The predominantly used techniques to fabricate PMUTs are discussed here. In general, silicon (Si) or silicon dioxide (SiO₂) are used as the substrate. The alteration of the piezoelectric layer in the PMUT structure involves either metal deposition by sol-gel or sputtering. The cavity formation has several options, such as sacrificial layer releasing and back side etching.

Sacrificial Technique

The sacrificial layer method is one of the commonly used PMUT fabrication techniques. In this method, a sacrificial layer is used to define the structure of the PMUT. E-beam evaporation is used to deposit the bottom electrode layer, as shown in Figure 11a, on a doped silicon substrate. The access holes are made on the bottom electrode layer by wet etching and then patterned, as illustrated in Figure 11b. After this step, the piezo-layer is sputtered followed by the deposition of the top electrode using the E-beam evaporation, and then it is patterned using the process of lift-off. Conclusively, the wet etching is done on the sacrificial layer, as shown in Figure 11c–f. This technique has been reported to be used for membranes with radii ranging from tens to hundreds of microns [48].

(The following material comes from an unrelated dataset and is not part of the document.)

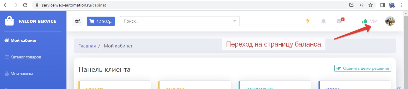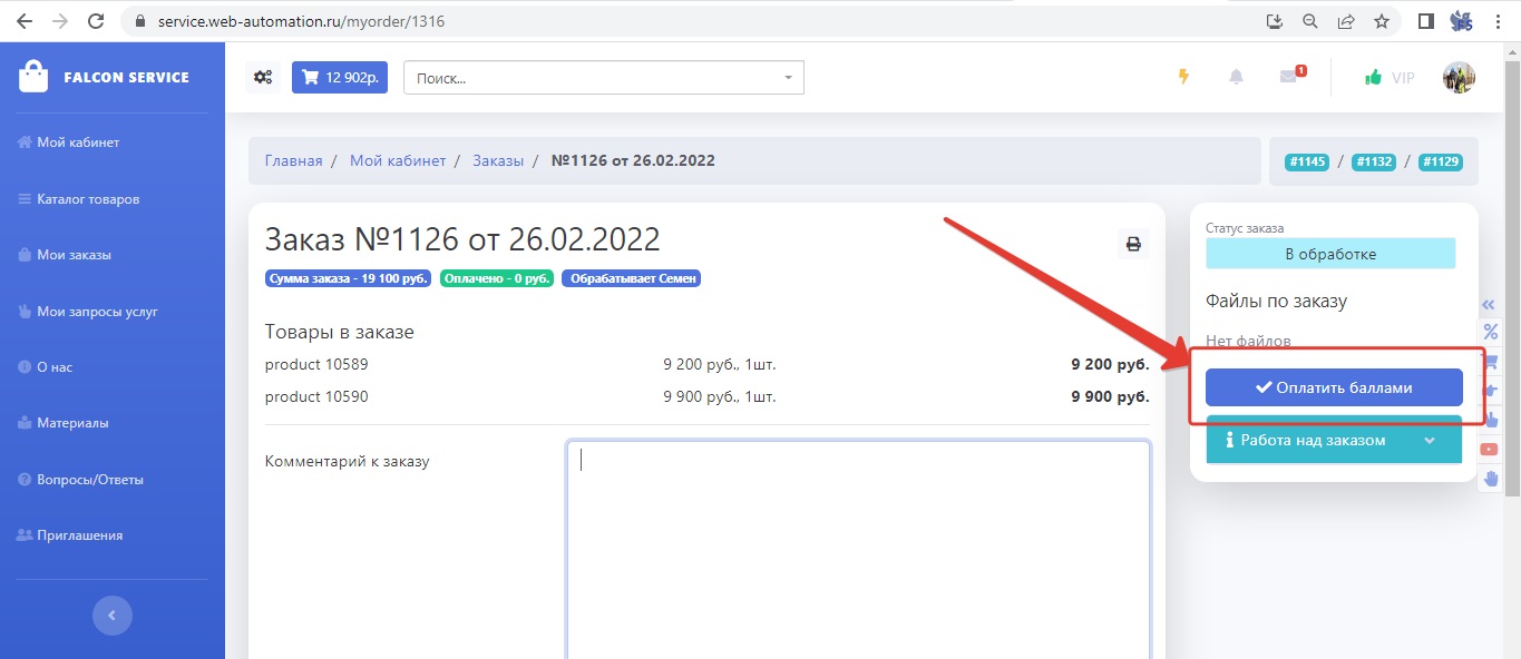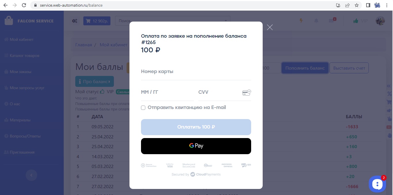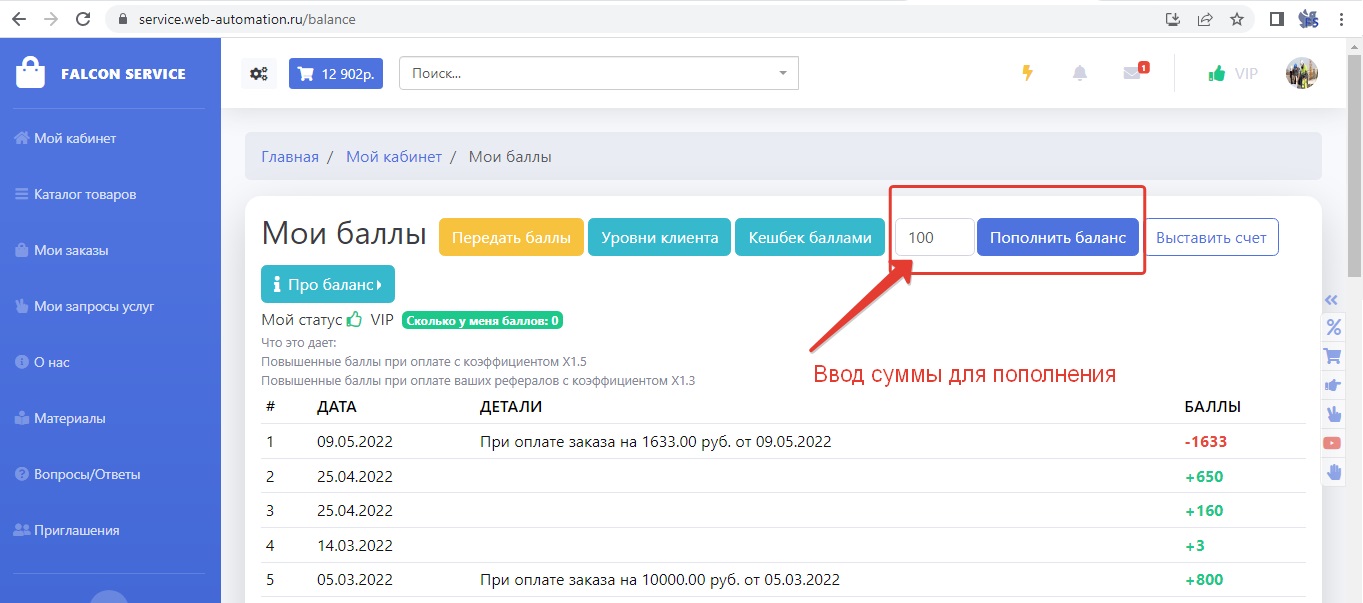 На баланс поступает необходимая сумма. Сумма пополнения в рублях переводится в баллы. На странице заказа можно произвести оплату.

Another common technique to fabricate PMUT is the back-side etching method. The thinning of the silicon wafer and the back-end process is done by the wet etching process. This process is low cost and reliable with a high throughput. Based on the etch stop and etch rate, the frequently used wet etchants are potassium hydroxide (KOH) and tetramethylammonium hydroxide (TMAH). However, the backside etching process degrades or damages the silicon layer and creates a residual stress which reduces the size of the pitch and the diaphragm. In this process and in order to create an insulation and a mask layer for bottom and top electrodes, the substrate is oxidized, as illustrated in Figure 12a. The thin film depositions of the top and bottom electrodes are done by sputtering, and the layers are patterned to create the electrodes as shown in Figure 12b. The piezoelectric layer is prepared by the sol-gel method, as shown in Figure 12c. The oxidized layer is then patterned to create the diaphragm pattern followed by anisotropic etching as shown in Figure 12d. The etching is done up to the SOI wafer and then the insulation layer, formed at the beginning, is removed, as illustrated in Figure 12e,f. The backside etching technique has been reported to be used for backside cavities in PMUT-based sensor fabrication ranging over hundreds of microns [49,50].

4. Summary

In an unconventional approach, CMUTs and PMUTs can be configured as gas sensors, operating based on the change in mass of their sensing layer. CMUT gas sensors consist of a suspended membrane on top of a fixed bottom electrode to create a dynamic capacitance when the DC bias voltage is applied to the membrane, whereas the PMUTs employed in gas sensing technology benefit from the properties of piezoelectric materials when the membrane deflects and the DC bias voltage is applied to the piezo-material. CMUT gas sensors present a lower limit of detection and a high mass sensitivity of Hz/zg alongside a higher bandwidth than PMUT, while the reported sensitivity for PMUT is Hz/% relative humidity. Furthermore, thin film PMUTs exhibit unique properties because of their lower required operating voltage. Moreover, PMUT sensors used in a linear array with a sensing polymer can detect volumetric changes in the nanoscales. CMUT structures usually operate with higher voltage and can provide high frequencies in comparison to the PMUT configuration. Conclusively, low energy consumption, potential for high sensitivity, and possibility of array fabrication make CMUT- and PMUT-based mass sensors potential candidates for sensing in complex environments.